Portinari was willing to serve Henry's daughter, Elizabeth I, and was recommended by the diplomat Nicholas Throckmorton who met him in France. In 1560, he gave professional advice on the rebuilding of the town walls of Berwick-upon-Tweed, the vital border town between England and Scotland. The new fortifications were being constructed in the modern trace italienne style, so-called because it had originated in Italy during the Italian Wars, and Portinari's opinion was clearly highly valued on account of his Italian background. He proposed extending the walls east to the coast, which would bring the Magdalene Fields within the defensive perimeter and make the town considerably easier to defend against landward assault, but his scheme was rejected, apparently because it would have been too expensive.

There was some rivalry between Portinari and the English military engineer Richard Lee. In response, Portinari wrote to the Privy Council describing his visit to Berwick in October 1560 and the plans he had drawn. He mentioned that he had visited Edinburgh during the siege of Leith and made a plan of the French fortifications. He had also made plans for the defence of Portsmouth. Portinari had obtained designs for a portable cannon demonstrated in France by Bartolomeo Campi.

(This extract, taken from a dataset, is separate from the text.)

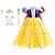فستان تنكري للأميرة حسناء والجمال والوحش للأطفال البنات بطبقات كرتونية دانتيل مكشكش أصفر ماكسي بأكمام قصيرة فساتين لطيفة مناسبة بشكل منتظم

Portinari was retained as a consultant on the projects at Berwick for several years, along with his fellow-Italian Jacopo Aconcio, but there were frequent disagreements between them and the English chief engineer, Sir Richard Lee, continuing to at least 1564.

The date and circumstances of Portinari's death are not recorded, but it must have occurred after 1572, which is when he is last attested.

==Sources==
- "Berwick-upon-Tweed: Northumberland Extensive Urban Survey" (2009)

- "Events in 1537-8"

- Beverley, Tessa (2004). "Portinari, Sir Giovanni"

- Herbert, Jim. "Berwick - A Garrison Town. Part 4: The Elizabethan Walls"

- MacIvor, Iain (1965). "The Elizabethan Fortifications of Berwick-upon-Tweed"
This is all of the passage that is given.